Hi, I would like to test you code in my webpage, but
i dont really know how to get along with path informations
like ../images/pictures/image24.jpg
Do I have to split the string in multiple parts, so i at last only
got the picture name? But how then do i open the file?
- thru fopen() or something equal or how do you do it?
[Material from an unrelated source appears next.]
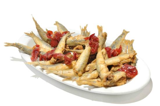 - Bocartes fritos con jamón: Este plato fue uno de los favoritos. Los bocartes estaban bien fritos, crujientes por fuera y jugosos por dentro. El jamón añadía un toque salado y un sabor extra que complementaba perfectamente el pescado.

Please gimme some more informations if you like :))
Greetings
Sascha
----- Original Message -----
From: "Ernest E Vogelsinger" <[EMAIL PROTECTED]>
To: "Dara Dowd" <[EMAIL PROTECTED]>
Cc: <[EMAIL PROTECTED]>; <[EMAIL PROTECTED]>
Sent: Thursday, January 30, 2003 10:27 AM
Subject: Re: [PHP] content type header for downloading files
> At 02:04 30.01.2003, Dara Dowd said:
> --------------------[snip]--------------------
> >$fname is the name of the file i want to download. It works in IE, as in
the
> >name of the file to be downloaded appears correctly in the dialog box. I
> >changed 'application/octet' to 'application/octet-stream' and this had no
> >effect.
> --------------------[snip]--------------------
>
> This is what I do to transmit a file for a save-as download, and it works
> in all browsers I know and have tested the same (Netscape, IE, Opera/Win;
> Mozilla, Konqueror et al. / Linux):
>
> header('Content-type: application/octet-stream');
> header('Content-length: ' . strlen($this->export));
> header('Content-Disposition: attachment' .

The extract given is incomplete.